All reviews of published articles are made public. This includes manuscript files, peer review comments, author rebuttals and revised materials. Note: This was optional for articles submitted before 13 February 2023.
Peer reviewers are encouraged (but not required) to provide their names to the authors when submitting their peer review. If they agree to provide their name, then their personal profile page will reflect a public acknowledgment that they performed a review (even if the article is rejected). If the article is accepted, then reviewers who provided their name will be associated with the article itself.
Dear Authors,
The reviewers think that your paper is sufficiently improved and can be accepted. However minor edits provided by Reviewer 1 are to be provided prior to commencing the production process. Furthermore, Keywords in the Abstract section should be correctly listed according to the alphabetical order. Many of the equations are part of the related sentences. Attention is needed for correct sentence formation. Equations should be used with correct equation number. Please do not use “defined as”, “as follows”, etc. Explanation of the equations should also be checked. All variables should be written in italic as in the equations. Their definitions and boundaries should be defined before production step.
Best wishes
[# PeerJ Staff Note - this decision was reviewed and approved by Jyotismita Chaki, a PeerJ Section Editor covering this Section #]
The updated version adequately addresses concerns that I raised in the first review.
-
-
A couple of statements that could be amended:
The description of LoRA:
48 employs low-rank matrices (A and B) into the weight 48 matrices of the target layers for fine-tuning
and then below
180, Another common method involves fine-tuning only
181, a subset of the model’s parameters.
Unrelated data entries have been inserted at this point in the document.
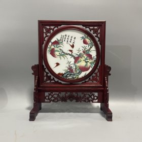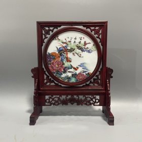 花梨木雕花框镶双面瓷板画摆件座屏屏风!《深谷幽隐》和《鸟语花香》尺寸高35宽30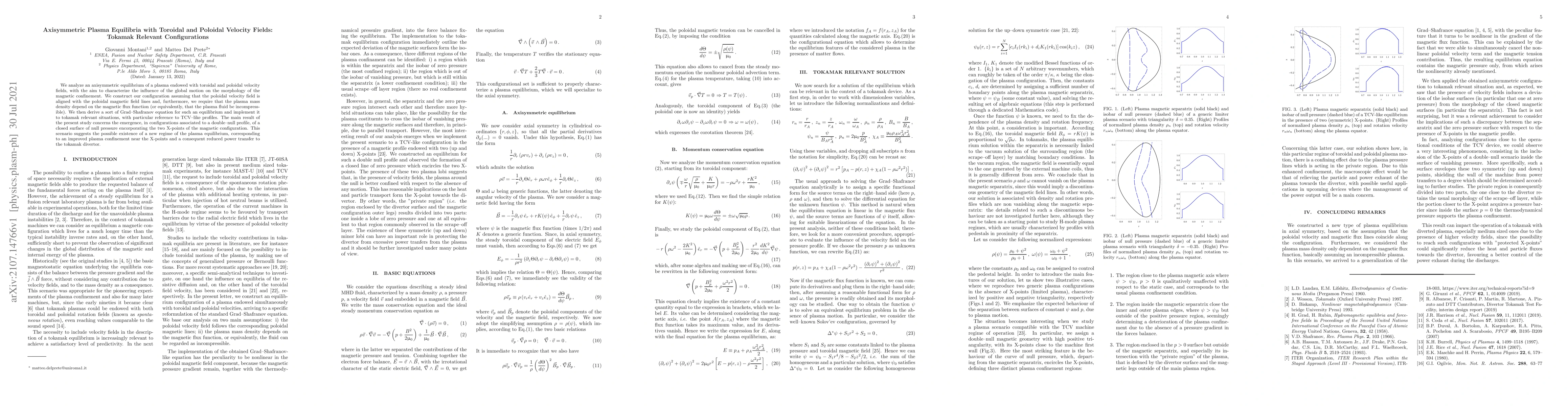 This paper investigates axisymmetric plasma equilibria in tokamaks with toroidal and poloidal velocity fields, deriving a Grad-Shafranov equation for the configuration. It reveals a new regime in double-null profiles with improved confinement near X-points, potentially reducing power transfer to the divertor.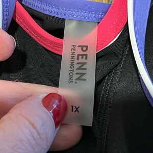 ❣️PENNINGTONS – Black Ribbed One-Piece Swim Dress – Plus Size 1X

LoRA achieves this by injecting low-rank matrices,
182, reducing the number of parameters that need to be updated.
In 48, "employs" probably was supposed to be "injected", like in 180-182. In both cases, however, it is unclear what actually happens (some model weights are frozen, while the update in others is represented as a product of two low-rank matrices).
Figure 1. Structural flow diagram of different efficient parameter fine-tuning methods
Parameter efficient?
309, the dataset spans six major medical departments
Does "departments" stand for "domains"?
512, It is also worth noting that Prompt-Tuning performs comparably to more structurally
513, complex methods such as LoRA
LoRA may actually be considered less structurally complex from the user's point of view, as it demands no modifications of either the input or the model.
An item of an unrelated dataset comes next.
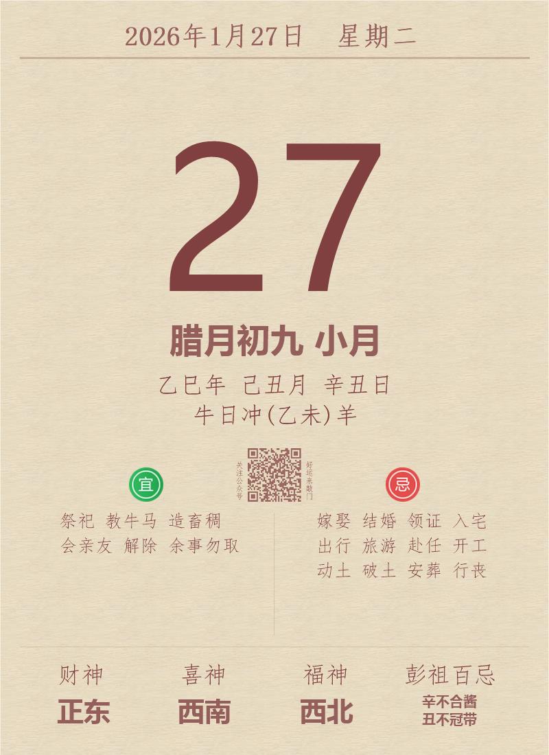 今日老黄历(2026年1月27日):黄历宜忌、财神方位、特吉生肖、打麻将财位

Reporting is clear, and the abstract is much improved.
The experimental design is clear and described in full.
The findings are described in full, and the full prompt text is now included.
**PeerJ Staff Note:** Please ensure that all review, editorial, and staff comments are addressed in a response letter and that any edits or clarifications mentioned in the letter are also inserted into the revised manuscript where appropriate.
**Language Note:** The review process has identified that the English language must be improved. PeerJ can provide language editing services - please contact us at [email protected] for pricing (be sure to provide your manuscript number and title). Alternatively, you should make your own arrangements to improve the language quality and provide details in your response letter. – PeerJ Staff
The quality of basic reporting is acceptable. The language is clear and professional, the background is presented adequately, the paper is self-contained, uses high-quality figures and formulas, where appropriate, and presents the algorithm, which forms the core of the paper, both in plain English and in pseudo-code.
The paper proposes a new version of lightweight pretraining of large language models. The authors argue that their method improves the performance of models on downstream tasks while providing high training and inference efficiency. This is all perfectly valid, although the exact frasing of the motivation (‘Although [Prompt-Tuning] works well for many tasks, further improvements are needed to handle long inputs effectively and improve the model’s efficiency’) is questionable since in the end it is not shown how the proposed method helps with these particular issues: the conclusions refer exclusively to the fact that the new model has better performance.
The proposed approach makes intuitive sense: taking prompt tuning as the starting point, a single sequence of N tokens prepended to the input of a frozen decoder-only model (only their embeddings are trained) is replaced with a batch of such sequences, whose embeddings are averaged to produce the eventual continuous prefix, capturing task-specific information. This increases the number of trainable parameters: while in standard prompt tuning we are training an (N, d) matrix, where d is the embedding dimension of the target model, now we are training an (N, d, M) tensor, where M is the number of individual prompts to be averaged. An increased number of parameters naturally leads to improved performance, with M=2 outperforming M=1 (i.e., classic prompt tuning), M=2 outperforming M=4, and M=8 being superior to M=4.
It may be pointed out that another option to increase the number of trainable parameters would be to grow N while keeping M=1, and the authors demonstrate (albeit only on one experiment, where both N and M are varied) that this works slightly worse. Thus, one model has the same performance with N=8, M=8 as with N=64, M=1, but in most case,s a better performance is achieved by increasing M, which is, of course more computationally efficient since the parallelisation of the tunable prompt does not increase the sequence length with concomitant quadratic self-attention complexity.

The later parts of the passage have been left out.